■ **Extracted material**:
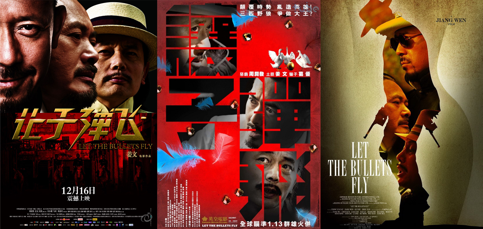 甫一開始,電影便以其名的一句對白開始:先是姜文的鎗管瞄準著路軌上行走中的蒸氣火車(註:蒸氣火車同時被6-8隻馬拖拉著),一連串鎗聲過後,鏡頭再轉到火車,然而甚麽事也沒發生,他的兄弟問道:「沒打中?」姜文悠然地答道:「讓子彈飛一會兒吧!」,然後,拖拉著的6-8隻馬分散地逃走,觀眾這才發現他射中的是馬拉著火車的馬韁。這句對白若用現代英語翻過來,那應是「Wait and see」吧。
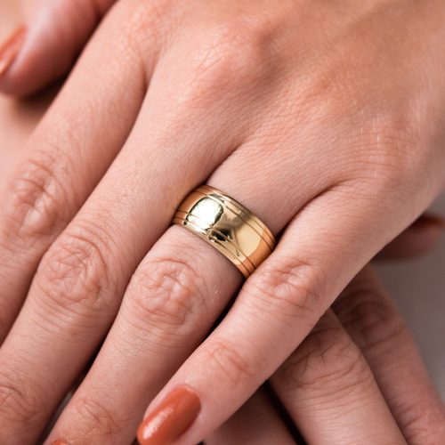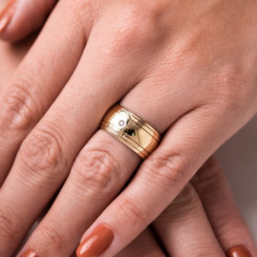 Par de Alianças de Moeda 18k Frise 10mm com Zircônia
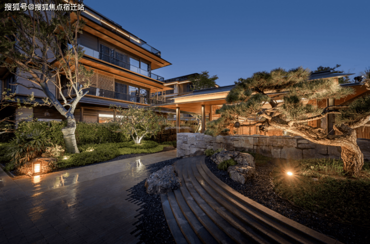 从步行归家动线进入小区,需要走上约4米高的阶梯才能进入归家大堂,阶梯两边是潺潺流水。流淌的不仅是雅致与柔和,更有财气与吉祥。
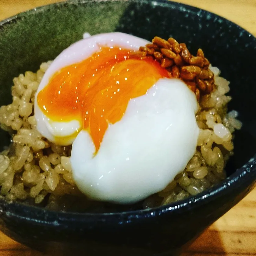 温泉卵の濃厚な黄身に旨味のある醤油麹がよく合います。もっちりと圧力鍋で炊いた玄米ごはんにかけてどうぞ。
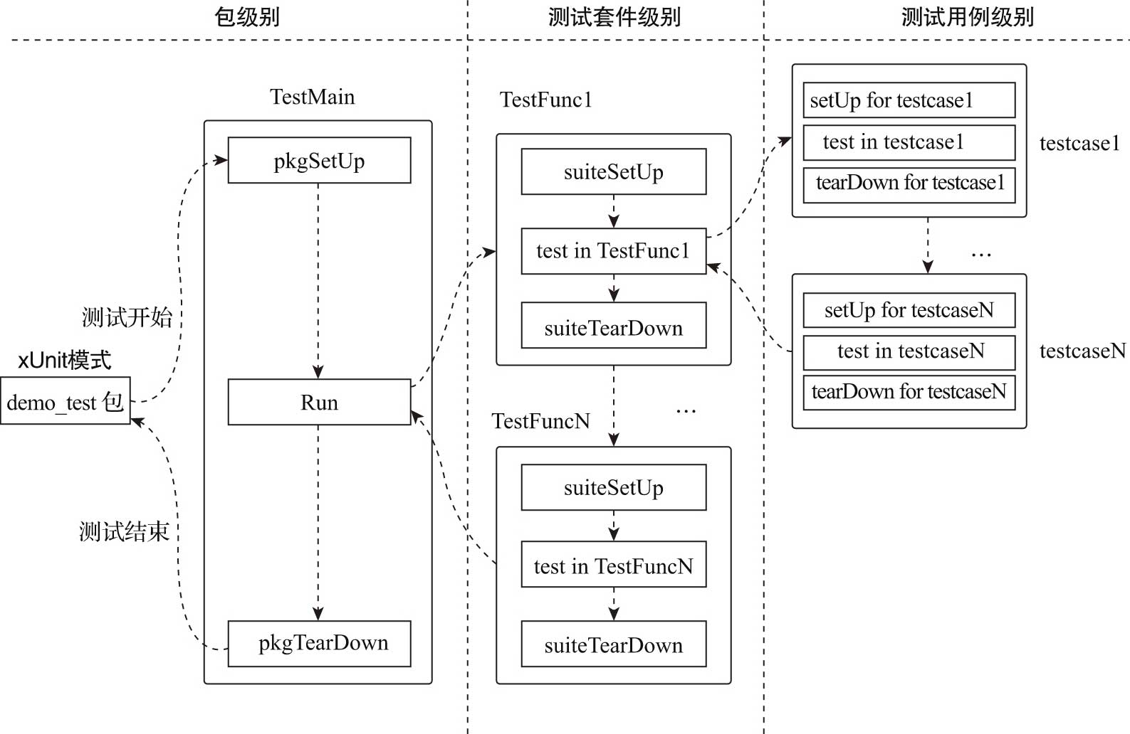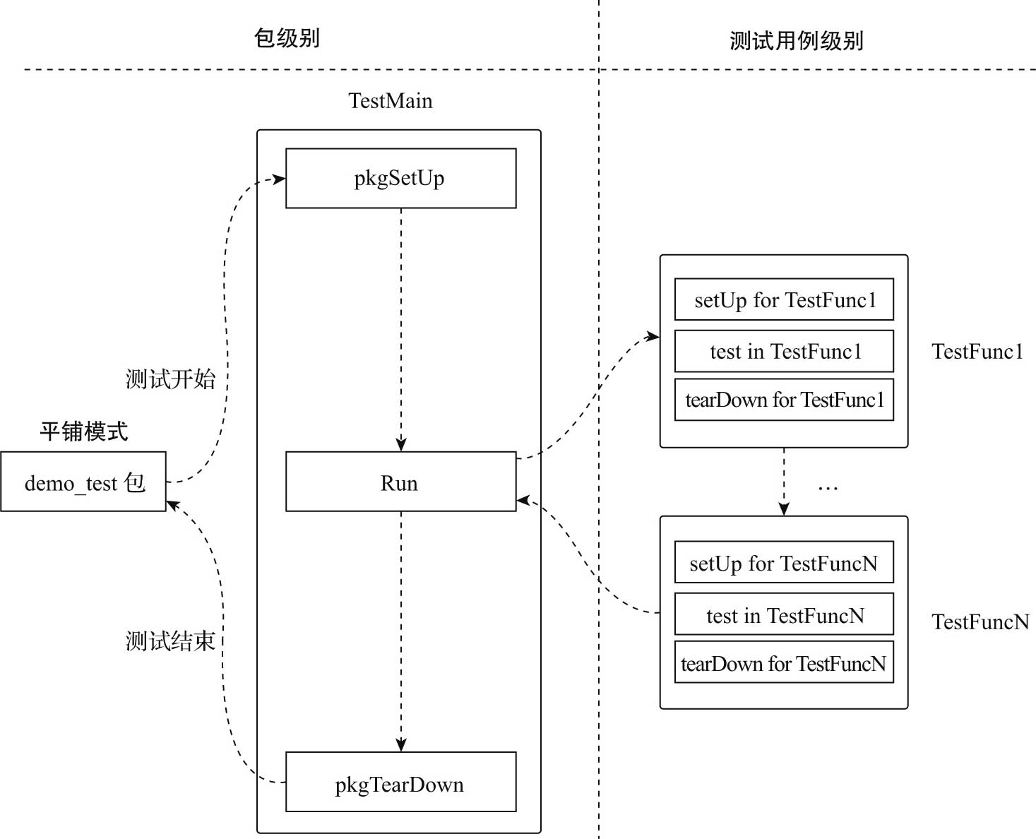 上面的示例在运行每个测试函数TestXxx时,都会先通过setUp函数建立测试固件,并在defer函数中注册测试固件的销毁函数,以保证在每个TestXxx执行完毕时为之建立的测试固件会被销毁,使得各个测试函数之间的测试执行互不干扰。
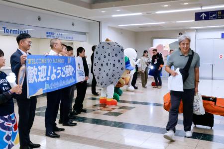 函館空港では5日午後に第1便が到着、大泉潤市長らが出迎えた。ソウルから観光で来た李碩遠さん(31)は「船を見て海鮮を食べるのが楽しみ」と目を輝かせた。
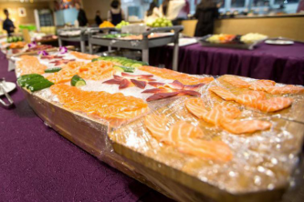 6. 公司星级餐厅提供专业膳食搭配的自助三餐,每周及节日均有美食节。
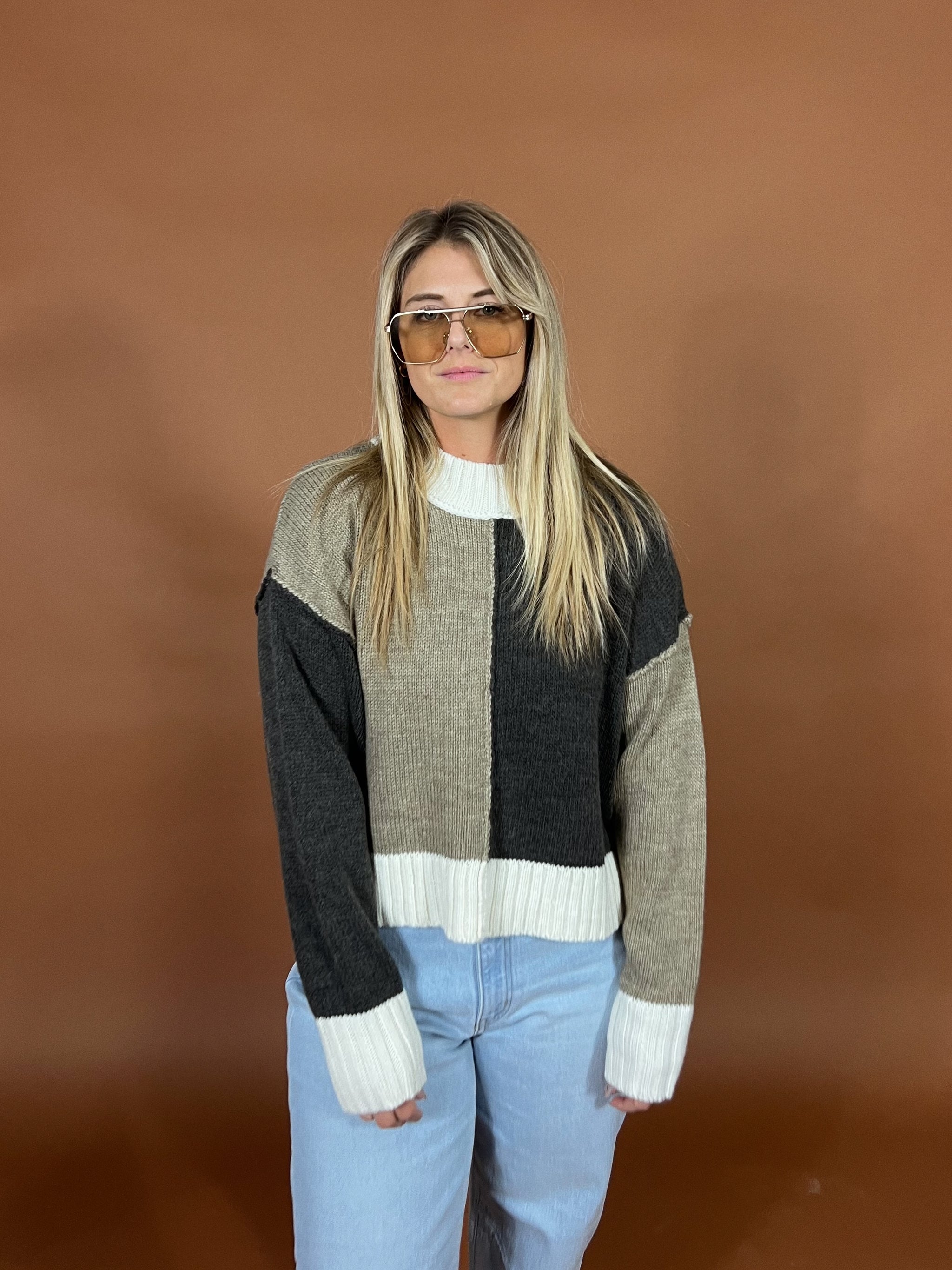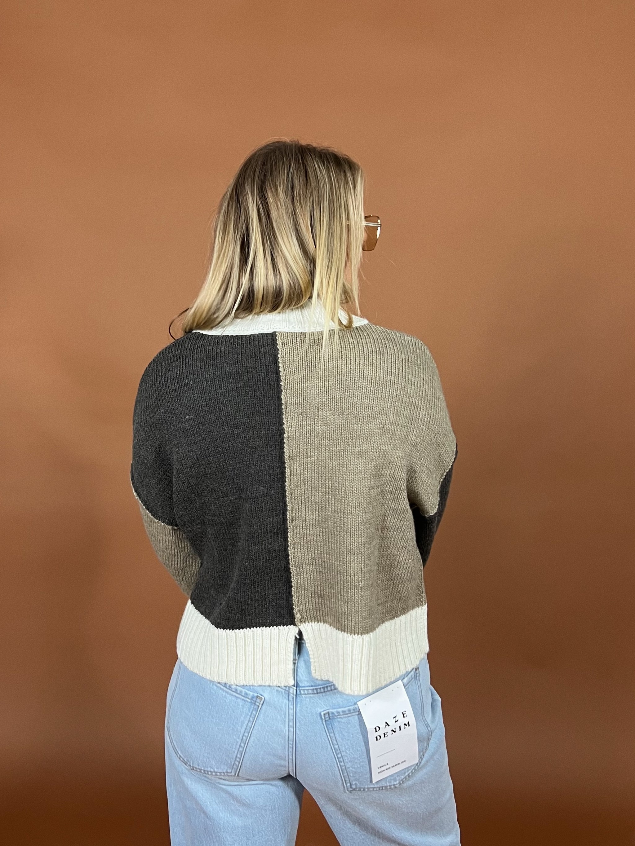 Laid back, cool girl vibes. Easy and effortless this sweater features bold, navy and olive, collegiate style stripes on the body and contrasting stripes on...
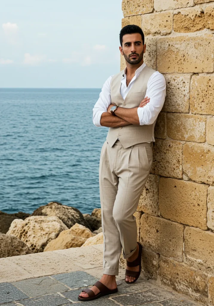 This outfit blends effortless charm with coastal sophistication. The man is wearing a beige vest layered over a crisp white shirt, rolled at the sleeves for a casual touch. His pleated linen trousers match the vest perfectly, and the dark leather sandals balance the light tones. The watch adds a polished accent while the stone wall and sea backdrop make the look feel timeless.
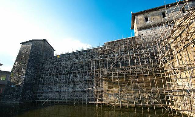 离夏富古村不远的就是石塘古村,开车过去40分钟左右,这是一个让人回味的古村。抵达村子时已是傍晚时分,映入眼帘的第一印象,必定是矗立在村口中央的双峰寨。这座外形略呈长方型,用石灰石以及青砖再用糯米、黄糖、石灰浆砌成建筑,像一个巨型勇士一样,世世代代守护者石塘古村民。可惜的是去的时候刚好在装修,所以看到的并不是很完美,但你还是可进去参观一下的。如果不是跟随熟悉石塘古村的人走访,村内街巷众多,与周边山水、农田相融合,且纵横交错,街巷闸门又错综复杂,一般的陌生人进入村中,很难走得出来。
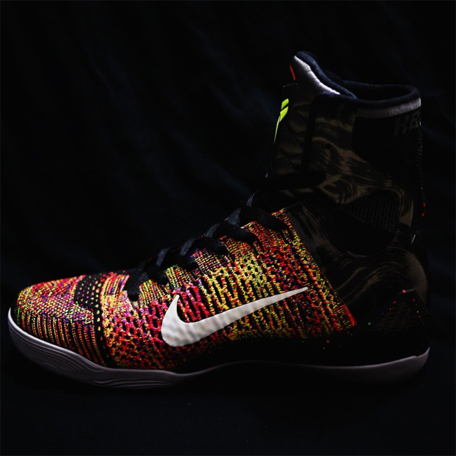 作为科比第九代战靴的第一款配色,Nike Kobe 9 Elite XDR “Masterpiece” 将于 2 月 8 日正式发售,带来更多关于这款 Flyknit 鞋面篮球鞋的细节图片。 超高帮的设计,色彩斑斓的编织鞋面搭配大面积的碳板,上脚效果也颇为抢眼。带有特殊纹路的 XDR 大底不仅耐磨,也提供了良好的抓地性能。 货号:630847-001 发售日期:2 月 8 日 发售价:¥1699
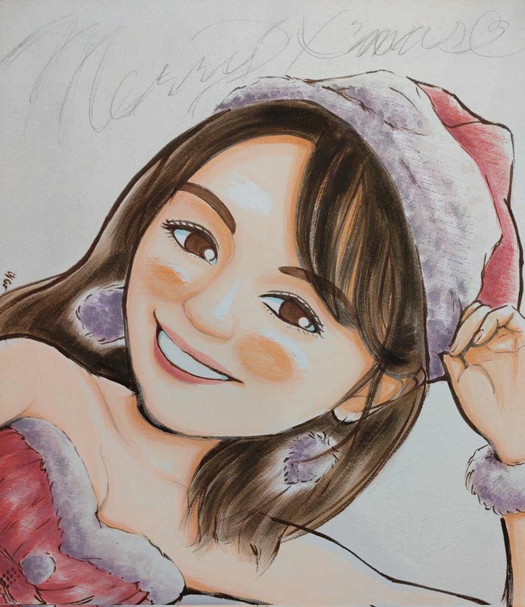#ヤングガンガン 表紙&巻頭グラビア&付録 #大原優乃 さん 今年は #サンタ 描かないつもりでしたが…優乃サンタにつられて描いちゃいました(*´ω`*) 向かって左側に髪を描き足したのは、似度を上げる為です #似顔絵 #イラスト #イラスト好きな人と繋がりたい #絵描きさんと繋がりたい #相互フォロー
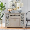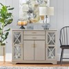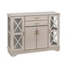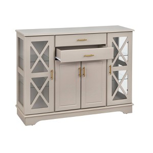 Update your living space with the Kendall Buffet from Buylateral. Ideal for your dining room, this cabinet features unique panel tempered glass doors with an x-shaped overlay and adjustable tempered glass shelving. The concealed closed center cabinet and two drawers provide added space for storing tableware, linens and more. Designed with a gray finish and a transitional style, this cabinet is the perfect complement with most dining room décor.
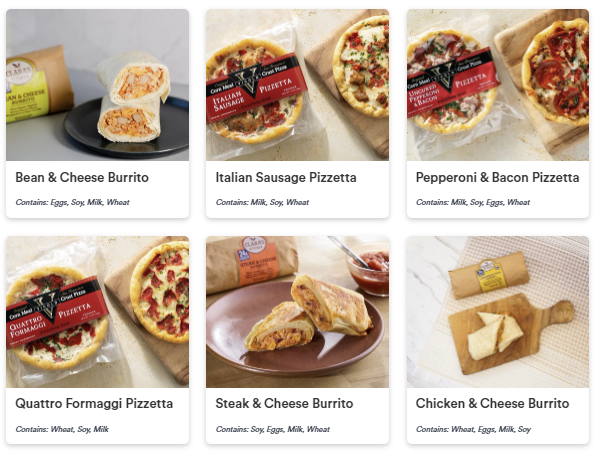 - Chicken & Cheese Burrito, Contains: Wheat, Eggs, Milk, Soy
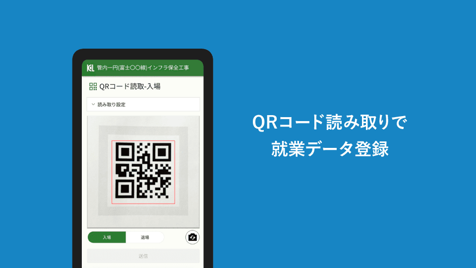 「KENTEM-CareerLog」から発行した、各技能者の固有のQRコードを管理者のモバイル端末などで読み取れば、就業履歴登録が完了します。
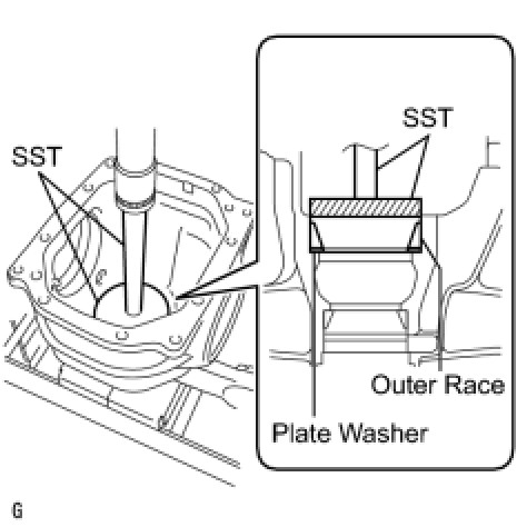 (a) Using SST and a hammer, install the ring gear tooth side case bearing outer race.
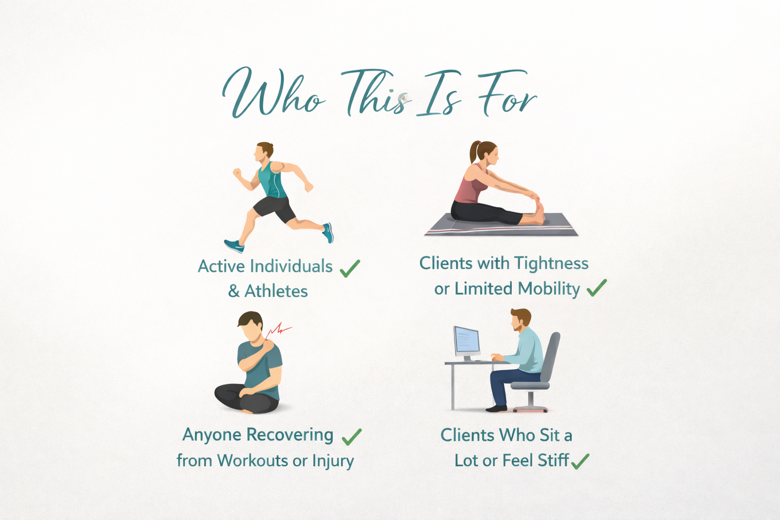 Clients who sit a lot or feel stiff

■ **What is needed**:
Please reproduce every entry above exactly, but leave out the pictures.

■ **Answer space**:
 甫一開始,電影便以其名的一句對白開始:先是姜文的鎗管瞄準著路軌上行走中的蒸氣火車(註:蒸氣火車同時被6-8隻馬拖拉著),一連串鎗聲過後,鏡頭再轉到火車,然而甚麽事也沒發生,他的兄弟問道:「沒打中?」姜文悠然地答道:「讓子彈飛一會兒吧!」,然後,拖拉著的6-8隻馬分散地逃走,觀眾這才發現他射中的是馬拉著火車的馬韁。這句對白若用現代英語翻過來,那應是「Wait and see」吧。
 Par de Alianças de Moeda 18k Frise 10mm com Zircônia
 从步行归家动线进入小区,需要走上约4米高的阶梯才能进入归家大堂,阶梯两边是潺潺流水。流淌的不仅是雅致与柔和,更有财气与吉祥。
 温泉卵の濃厚な黄身に旨味のある醤油麹がよく合います。もっちりと圧力鍋で炊いた玄米ごはんにかけてどうぞ。
 上面的示例在运行每个测试函数TestXxx时,都会先通过setUp函数建立测试固件,并在defer函数中注册测试固件的销毁函数,以保证在每个TestXxx执行完毕时为之建立的测试固件会被销毁,使得各个测试函数之间的测试执行互不干扰。
 函館空港では5日午後に第1便が到着、大泉潤市長らが出迎えた。ソウルから観光で来た李碩遠さん(31)は「船を見て海鮮を食べるのが楽しみ」と目を輝かせた。
 6. 公司星级餐厅提供专业膳食搭配的自助三餐,每周及节日均有美食节。
 Laid back, cool girl vibes. Easy and effortless this sweater features bold, navy and olive, collegiate style stripes on the body and contrasting stripes on...
 This outfit blends effortless charm with coastal sophistication. The man is wearing a beige vest layered over a crisp white shirt, rolled at the sleeves for a casual touch. His pleated linen trousers match the vest perfectly, and the dark leather sandals balance the light tones. The watch adds a polished accent while the stone wall and sea backdrop make the look feel timeless.
 离夏富古村不远的就是石塘古村,开车过去40分钟左右,这是一个让人回味的古村。抵达村子时已是傍晚时分,映入眼帘的第一印象,必定是矗立在村口中央的双峰寨。这座外形略呈长方型,用石灰石以及青砖再用糯米、黄糖、石灰浆砌成建筑,像一个巨型勇士一样,世世代代守护者石塘古村民。可惜的是去的时候刚好在装修,所以看到的并不是很完美,但你还是可进去参观一下的。如果不是跟随熟悉石塘古村的人走访,村内街巷众多,与周边山水、农田相融合,且纵横交错,街巷闸门又错综复杂,一般的陌生人进入村中,很难走得出来。
 作为科比第九代战靴的第一款配色,Nike Kobe 9 Elite XDR “Masterpiece” 将于 2 月 8 日正式发售,带来更多关于这款 Flyknit 鞋面篮球鞋的细节图片。 超高帮的设计,色彩斑斓的编织鞋面搭配大面积的碳板,上脚效果也颇为抢眼。带有特殊纹路的 XDR 大底不仅耐磨,也提供了良好的抓地性能。 货号:630847-001 发售日期:2 月 8 日 发售价:¥1699
#ヤングガンガン 表紙&巻頭グラビア&付録 #大原優乃 さん 今年は #サンタ 描かないつもりでしたが…優乃サンタにつられて描いちゃいました(*´ω`*) 向かって左側に髪を描き足したのは、似度を上げる為です #似顔絵 #イラスト #イラスト好きな人と繋がりたい #絵描きさんと繋がりたい #相互フォロー
 Update your living space with the Kendall Buffet from Buylateral. Ideal for your dining room, this cabinet features unique panel tempered glass doors with an x-shaped overlay and adjustable tempered glass shelving. The concealed closed center cabinet and two drawers provide added space for storing tableware, linens and more. Designed with a gray finish and a transitional style, this cabinet is the perfect complement with most dining room décor.
 - Chicken & Cheese Burrito, Contains: Wheat, Eggs, Milk, Soy
 「KENTEM-CareerLog」から発行した、各技能者の固有のQRコードを管理者のモバイル端末などで読み取れば、就業履歴登録が完了します。
 (a) Using SST and a hammer, install the ring gear tooth side case bearing outer race.
 Clients who sit a lot or feel stiff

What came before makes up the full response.